-- Source data --
########################################

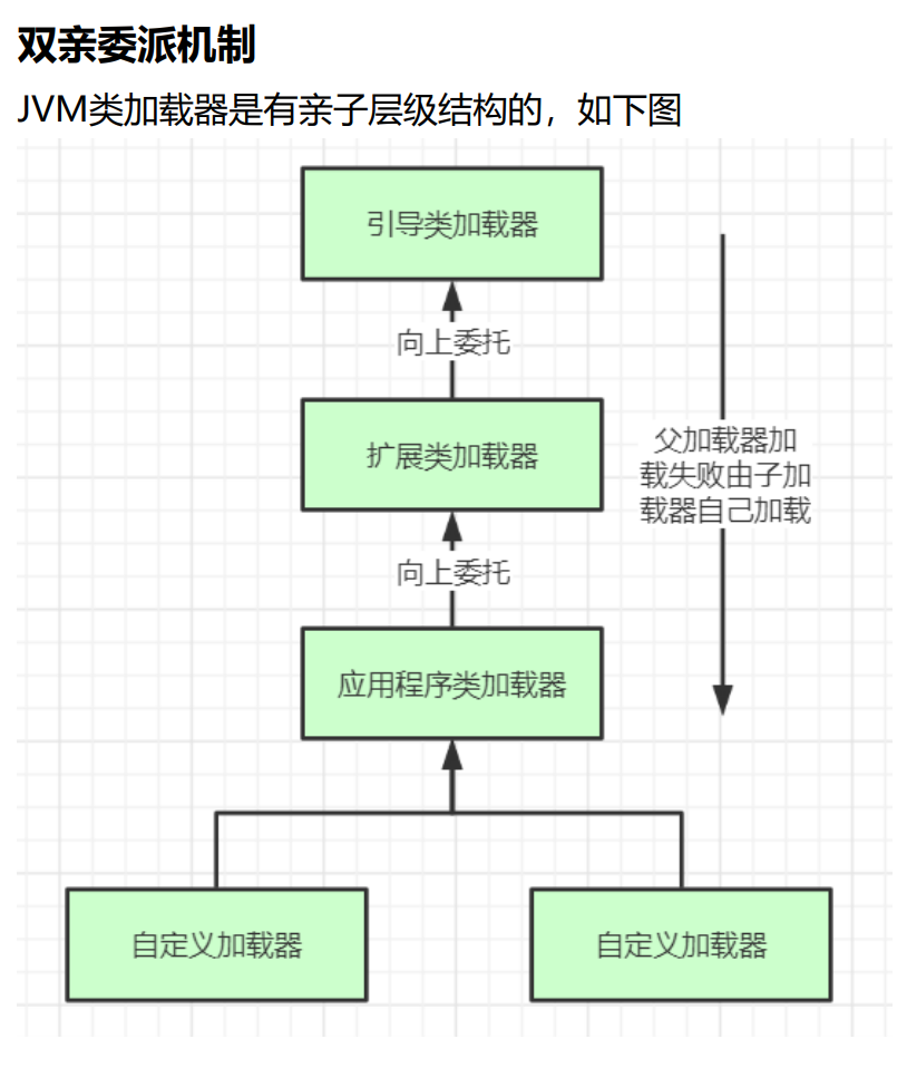 加载某个类时会先委托父加载器寻找目标类,找不到再委托上层父加载器加载。
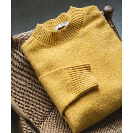 首に沿うような短めのハイネック仕様なので暖かみがありながら品のある着こなしができ、一枚ではもちろんインナーとしても活躍します。
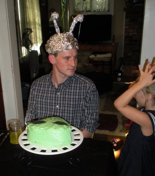 Last year we made a tin foil hat for MQD’s Alien Birthday.
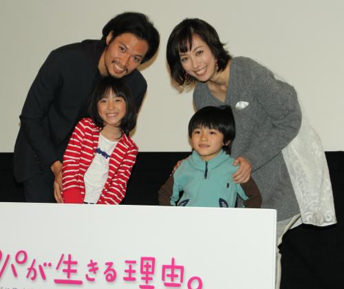 夫婦でがんになり余命宣告されながらも、夢を持ち、強い愛に満ちた家族の物語。夫役の青木崇高(34)、子供役の渡邊このみ(8)、五十嵐陽向(5)と本物の家族のように仲むつまじい様子で、結婚願望を聞かれると「今はこの家族が最高だと思っているので、これ以外の家族は考えられない」と話した。
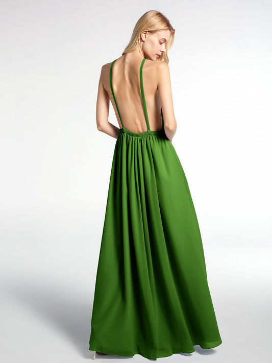 Babaroni ReneeVestido sexy maxi de chiffon con cuello halter y espalda baja Musgo
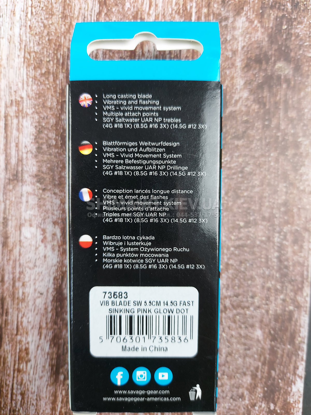 Цикада Savage Gear Vib Blade - тонуча металева приманка, яка використовується для облову придонних шарів водойми. Вона створює потужну вібрацію на проводці і мерехтить своїми пласкими боками, привертаючи увагу риби з великої відстані. Три точки кріплення дозволяють змінювати інтенсивність гри - чим далі від голови закріплена застібка, тим активніше буде гра. Маючи компактне тіло, блешня добре летить під час закидання, при цьому вплив вітру на її далекобійність має мінімальне значення. Vib Blade оснащена двома якісними трійниками, які не дозволять рибі безкарно атакувати приманку.
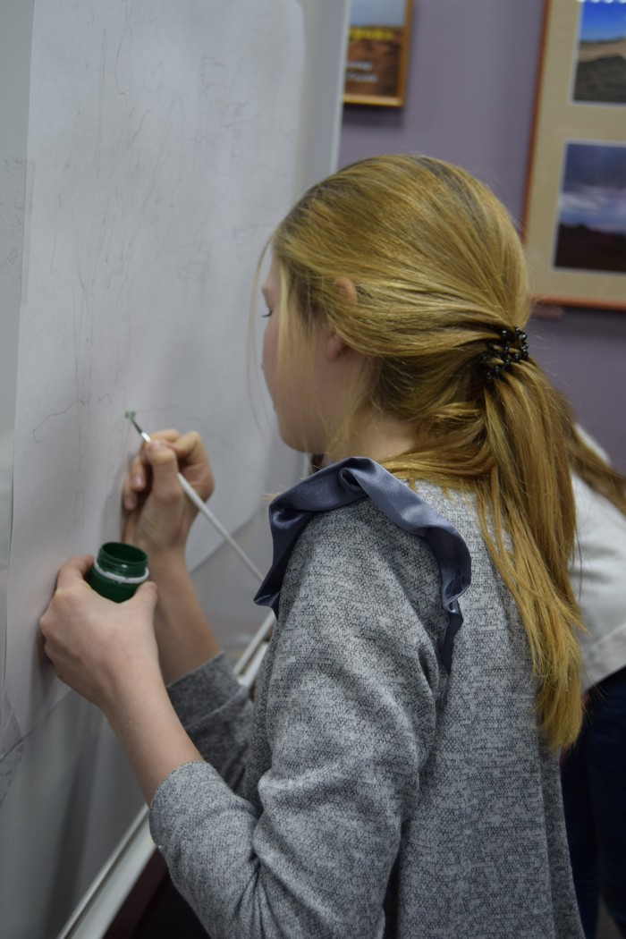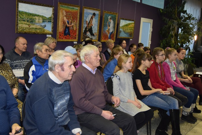 Поздравить художника со знаменательным событием пришли друзья и родственники, ученики и педагоги детской художественной школы. Вечер завершился неожиданным подарком от автора экспозиции. По наброскам, оставленным Георгием Рютиным, на двух больших полотнах ребята смогли нарисовать два коллективных пейзажа, тем самым пройдя мастер-класс от саянского Васнецова.
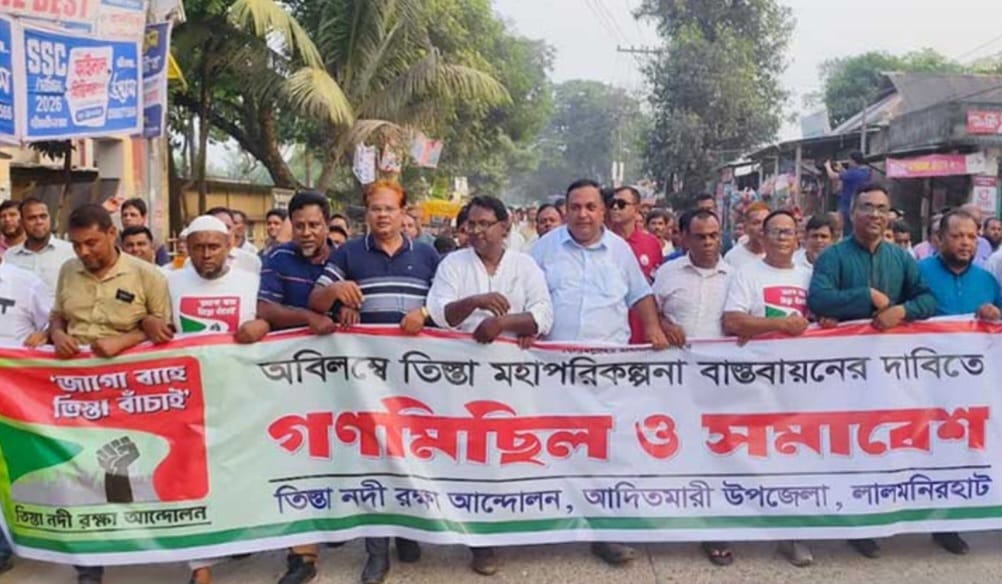‘জাগো বাহে তিস্তা বাঁচাই’–এই স্লোগানকে সামনে রেখে তিস্তা নদী রক্ষা আন্দোলন লালমনিরহাট আদিতমারী উপজেলার আয়োজনে বৃহস্পতিবার (৯ অক্টোবর) বিকেলে অবিলম্বে তিস্তা মহাপরিকল্পনা বাস্তবায়নের দাবীতে গণমিছিল ও সমাবেশ অনুষ্ঠিত হয়।

########################################

-- What this task involves --
Excluding any pictures, print exactly the lines of the listing above from the line with "首に沿うような短めのハイネッ" to the line with "Babaroni ReneeVestido sexy", both ends included.

-- Worked solution --
 首に沿うような短めのハイネック仕様なので暖かみがありながら品のある着こなしができ、一枚ではもちろんインナーとしても活躍します。
 Last year we made a tin foil hat for MQD’s Alien Birthday.
 夫婦でがんになり余命宣告されながらも、夢を持ち、強い愛に満ちた家族の物語。夫役の青木崇高(34)、子供役の渡邊このみ(8)、五十嵐陽向(5)と本物の家族のように仲むつまじい様子で、結婚願望を聞かれると「今はこの家族が最高だと思っているので、これ以外の家族は考えられない」と話した。
 Babaroni ReneeVestido sexy maxi de chiffon con cuello halter y espalda baja Musgo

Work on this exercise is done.